BEGIN DATA SECTION
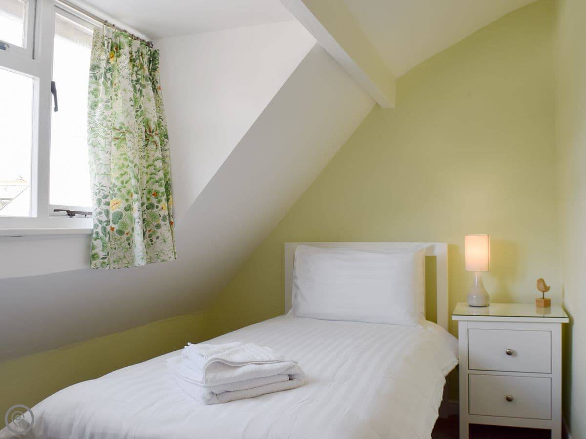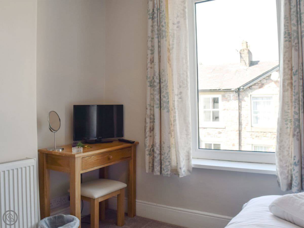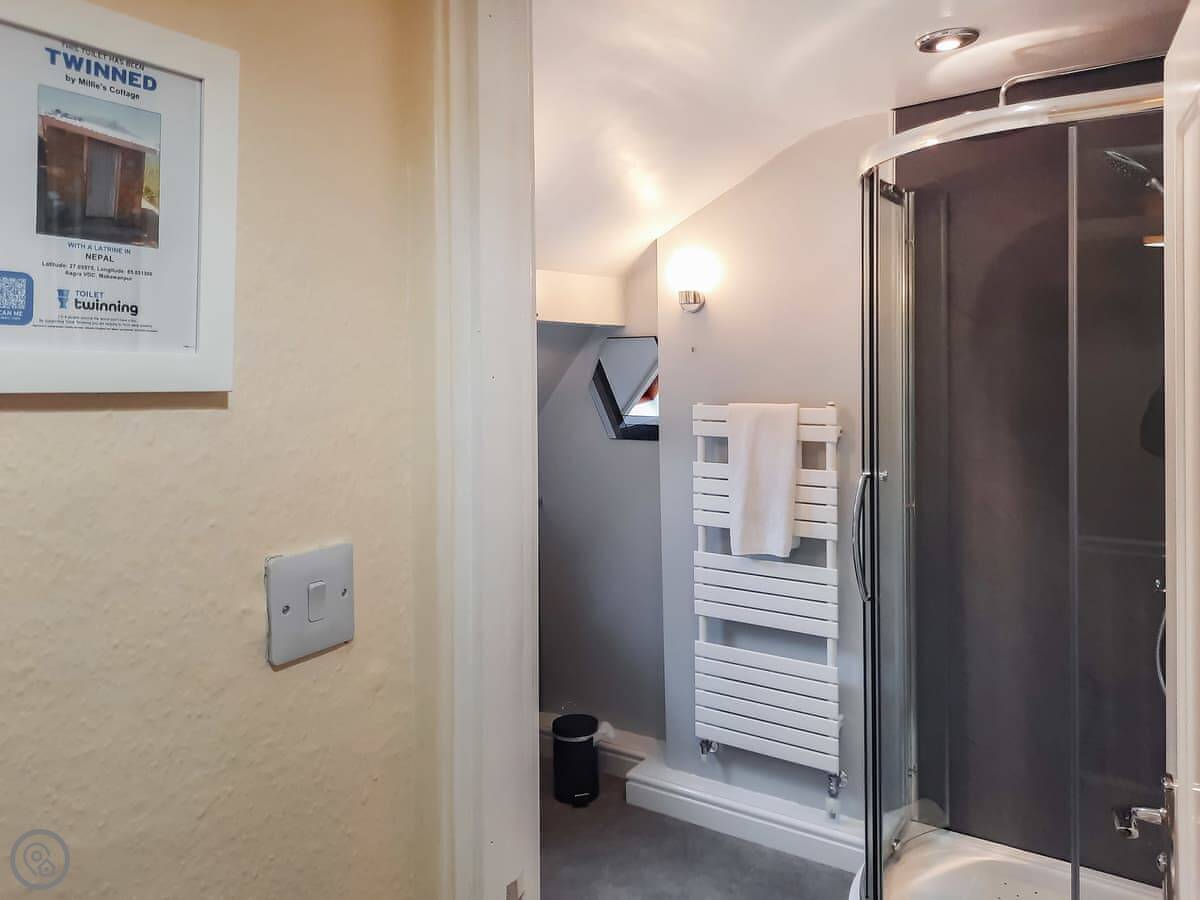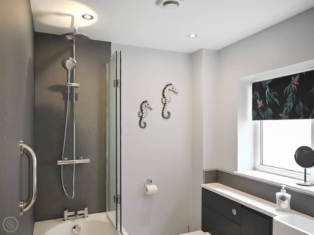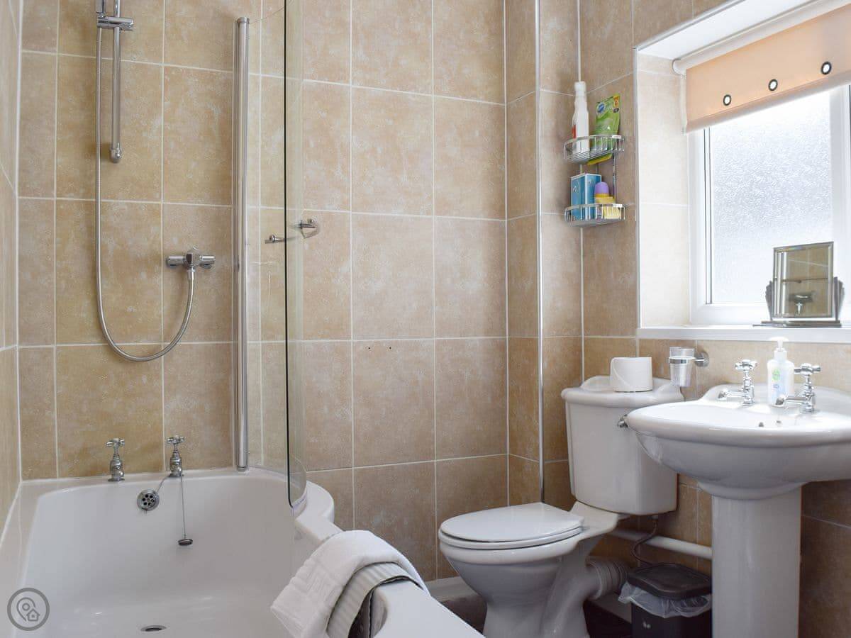 It sleeps four. There are three bedrooms and two bathrooms. One bathroom has a bath, the other is just a shower room. It's a 4 Star place, so it's comfortable and has everything you need. They've recently done the family bathroom.
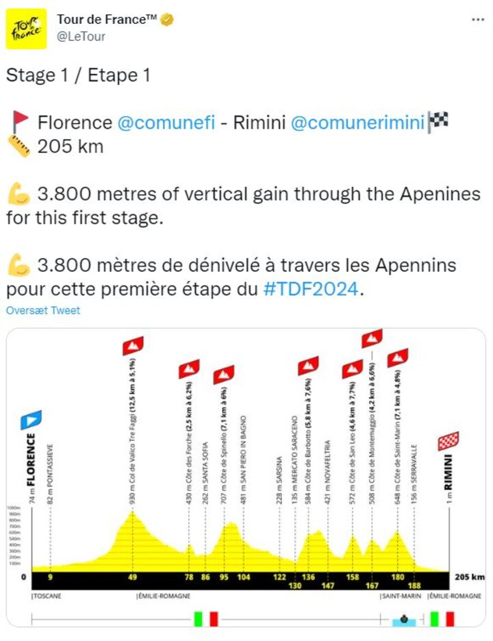 I de første etaper af verdens hårdeste cykelløb anno 2024 skal Jonas Vingegaard og kompagni nemlig klatre op over stigningerne i bjergkæden Appenninerne, fortalte løbsdirektør Christian Proudhomme til præsentationen af Tour de France-starten onsdag aften.
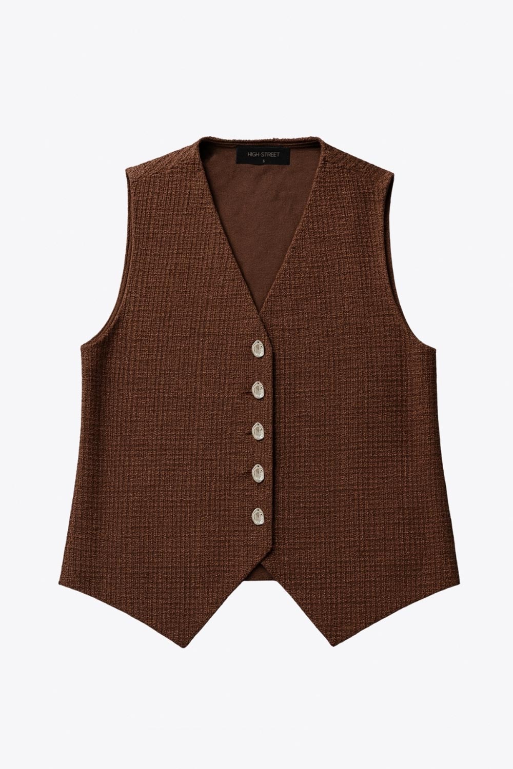 Chaleco de bouclé, fit recto, escote v, cierre con hilera de botones en contraste y abertura frontal v en bajo.
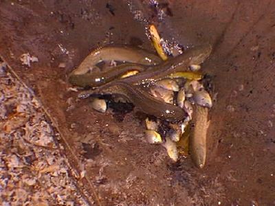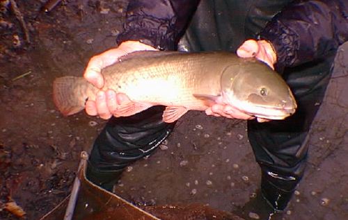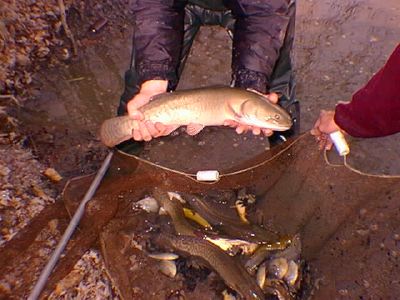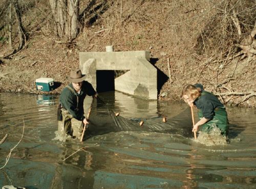 Don't know if Tom Payne or Larry James are on this list, but I'm sure they still remember our trip to the Walhonding River (north of Coshocton Ohio) with Pat Johnson. Was Klaus there that time? Anyway, Pat has no qualms about doing anything to get the fish. We were after bowfin, which we had found before in this overflow . Extensive seining produced no bowfin, as I recall, so we decided they must be hiding in the underground culvert that fed the . This was a square, concrete pipe running some 100 ft under the highway to the river. It was maybe no more than 4 ft high and narrowed down at one end. So we set one seine at the mouth of the culvert and Pat went around to the other end with another seine. Using his time tested one man seining technique he worked that culvert from one end to the other emerging in the fetal position and blanketed with cob webs only to find no bowfin at all. But we all gained respect for his devotion to the cause.
END DATA SECTION
▶ EXERCISE BRIEF: Give back the lines word for word, from the very first in the material above to the one that has "Chaleco de bouclé, fit", both included, without the pictures.

▶ ANSWER SPACE:
 It sleeps four. There are three bedrooms and two bathrooms. One bathroom has a bath, the other is just a shower room. It's a 4 Star place, so it's comfortable and has everything you need. They've recently done the family bathroom.
 I de første etaper af verdens hårdeste cykelløb anno 2024 skal Jonas Vingegaard og kompagni nemlig klatre op over stigningerne i bjergkæden Appenninerne, fortalte løbsdirektør Christian Proudhomme til præsentationen af Tour de France-starten onsdag aften.
 Chaleco de bouclé, fit recto, escote v, cierre con hilera de botones en contraste y abertura frontal v en bajo.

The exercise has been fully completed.